No Fears Mom, You’re Doing Well

No fears mom, you're doing well

Don’t worry mom, you’re doing well. It makes sense that you have sleepless nights because you tend to react to your baby’s cries all the time; you know that offering affection is important and no one knows better than you what your baby needs at all times.

All mothers know is that it is not necessary to give birth yourself to know what love is. Motherhood itself does not exempt us from some fears.

We are afraid that our children will stop breathing when they sleep. Every day we ask ourselves if we are doing the right thing. We ponder whether we are not spoiling our children too much, as our own mother and friends say.

No one is born with a parenting manual. But one thing must be clear: you are doing well and when in doubt, the pediatrician is your best advisor.

Baker’s talk is irrelevant to a mother’s natural instincts and her confidence in professional help. 

Every mother’s 3 fears

Sometimes a mother’s fears are defined by her personal and family history.  A difficult childhood with emotional deficits or abuse ensures that a mother does not want to repeat at all costs. She wants to close her personal gaps and give her child the personal, emotional and physical balance she herself lacked in her own childhood.

At the same time, when a woman does not feel good in relation to her partner or her work, she may develop a certain fear. She will try to control and relieve these, so that nothing stands in the way of her child’s education.

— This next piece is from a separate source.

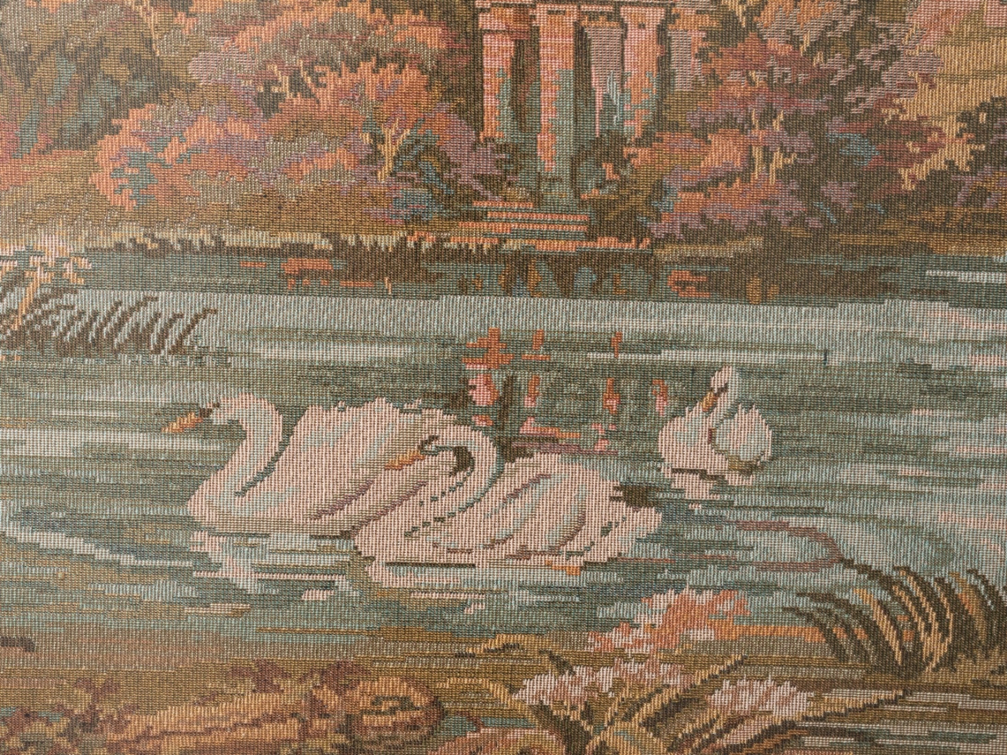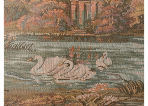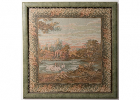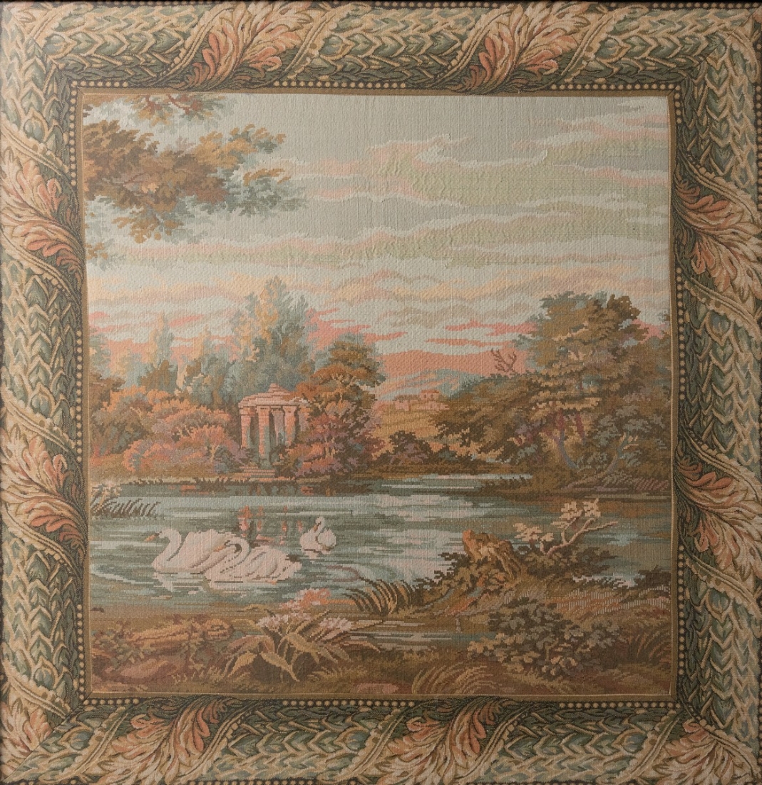 גובלן ממוסגר בעל דגם ברבורים , עשוי בעבודת מכונה, נתון במסגרת נאה

No Fears Mama, You're Doing It Right

Motherhood is full of patterns.  On the one hand there is our personal history. On the other hand, there is society and the social and emotional context we live in. The last pattern is the most sensitive and important, namely the pattern we create with our baby.

Types of fear

Let’s look at the three forms of anxiety a mother experiences until she gets to the point where she thinks she’s not doing it right.

  • Fear of not knowing the needs of her children.  This fear is common and at the same time very understandable. Moreover, the same concern keeps cropping up as more children arrive. Every baby is different and has different needs.

However, in order not to develop a fear of this, it is important to remember that for every need your baby has, you are the best solution. The bond you create with him from the moment he comes into the world ensures that you intuitively know what is best for him. In addition, you have access to professional care providers who are willing to advise you at all times.

  • Fear of making the same mistakes as her parents.  Somehow we all have a picture in our head of what our family did or didn’t do when we were little ourselves. Realize that motherhood and fatherhood does not mean that you will never make mistakes yourself. Perfect parents don’t exist.

However, it is essential to be “present”. It’s important to actually be there for your kids when they need you.

  • Fear of not knowing what makes your children happy. This is also a common fear. But don’t worry about it. Remember some essentials: listen to your child, respect his development and teach him to be responsible. Make him feel special and remind him that you will always be by his side, whichever path he chooses.
No Fears Mama, You're Doing It Right

You are doing well and you are a perfect mother

 An interesting concept has been widely reported in an article published in the journal Psychologies . One that will no doubt help you discover that you are doing extremely well as a mother.

It is about the idea of ​​the “perfect mother”. Here are the focal points that brought this idea to fruition and that we should all strive for:

  • The perfect mother does not see herself as the perfect mother. She learns every day and gives her child the best under her conditions.
  • The perfect mother does not project her own emotional problems onto her children.  A bad day at work or an argument with her partner has no effect on the quality of the relationship with her children.
  • A perfect mother is not overprotective, she does not control her children and gives them freedom.  She teaches them to become responsible and mature so that they will be happy in the future.
  • An emotional mother sets a good example. It helps her children to improve their self-confidence and self-image.

It is worth remembering this and always relying on yourself.